先时展昭上山,原打算寻个倒霉的问出洞房方位,谁成想听那群醉汉酒话中,竟意外提到“襄阳”,便暗中劈昏了一个,绑起来质问。方得知这李义原也是要投奔襄阳王的,行到半路时又听闻襄阳城败,只得寻了这么个山头占了。众手下也觉憋闷——本想着要富贵一把,襄阳王却没了;又庆幸没到得了襄阳,否则早成了灰烬。况且当初本因赵珏打着“大义”的旗号,众人方去投奔的,转眼城中众贼便成了朝廷剿杀之匪,让李义等也着实捏了一把冷汗。可如今困在这山头之上,穷乡僻壤的,日子也不好过。展昭经过那群醉汉时,听得便是有人借着酒意大骂襄阳王。偏生那人还加了一句:“甚么醉酒坠楼,只怕是被锦毛鼠摄了魂去罢!”一人道:“果然果然,那锦毛鼠命丧冲霄,化作的冤魂可不是绕不得他。”二人喝的舌头僵直,也不知自家胡说了些什么乱语,却不想一旁展昭留了心。这边厢展昭逼问此事,那被缚之人便一五一十道了。

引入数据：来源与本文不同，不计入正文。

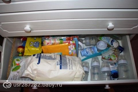 третий шкафчик соски, бутыльки, клеенки и прочая мелочь)
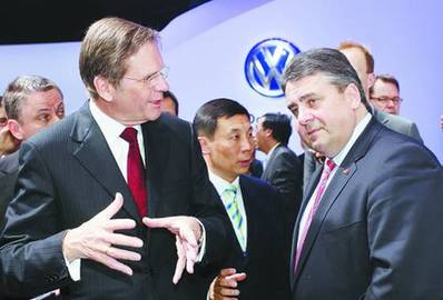 德国副总理兼经济和能源部长加布里尔23日在海兹曼的陪同下参观大众汽车集团展台,共同探讨绿色环保交通。德国大众汽车集团管理董事会成员、大众汽车集团(中国)总裁兼CEO海兹曼认为……
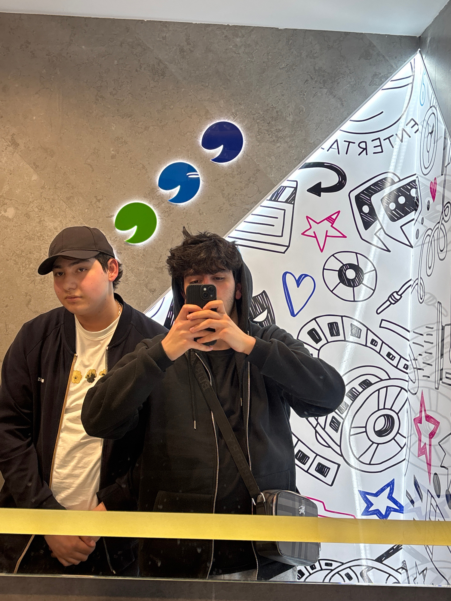 A photograph shows two young men taking a selfie in a mirror within a building in Yerevan, Armenia. The man closest to the camera wears a black baseball cap, a black jacket, and a white T-shirt with a…read more
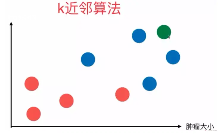 - 取K = 3,也就是离它最近的3个点,发现都是蓝色,那么很不幸的,这位同志很有可能患有恶性肿瘤。

原是襄阳事了,也不知怎地,便在城中出现了一方传言,言道那死去的锦毛鼠白玉堂英魂不散,曾有人在夜间见他徘徊于冲霄楼边。襄阳城中有一贫户,有妇人年老体衰,无钱医治,一富庶人家便趁机欲买其女做小,其家不肯,富人动辄抢人,妇人之女以头撞柱而昏,富人大怒,纵人将妇人一家打昏,尽毁其家。一时间悲声震天,路人不忍直视。是夜富人莫名暴病而亡,贫家夜半破窗之内得一包裹,内有银钱若干。有人曾见那夜有白影闪过附近,似及冲霄楼前之影。流言几经周转,最后竟成了“锦毛鼠乃是天上玉鼠转世,生前因最见不得世间不平之事,曾平山贼剿匪寇;如今本灵归位,留在襄阳,专佑良善人家”。一翻话传得有模有样,更兼之后又出了几档子事,让人信而不疑。李义昔日听闻白玉堂大名,知晓剿匪之事,曾有意投奔陷空岛,后有猫鼠之争,白玉堂上京,方才罢了。而后冲霄事起,民间之言俞传俞烈。似李义这种,杀人不眨眼,却偏偏惧怕鬼神,在襄阳近处只觉不安稳,便寻了这么个偏远处眯着。李义不曾见过白玉堂,但知晓其轻功甚好,贯使一把雁翎刀;暗器与他人不同,乃是一种扁圆石子,唤作“飞蝗石”;腰间常挂百宝囊,金丝绣线的“玉”字乃是金华白家大夫人的手艺,世间只此一个。但那日冲霄大火,世人皆知,这百宝囊应也是焚了的,怎地出现此处,真真叫人不以为鬼怪也不能!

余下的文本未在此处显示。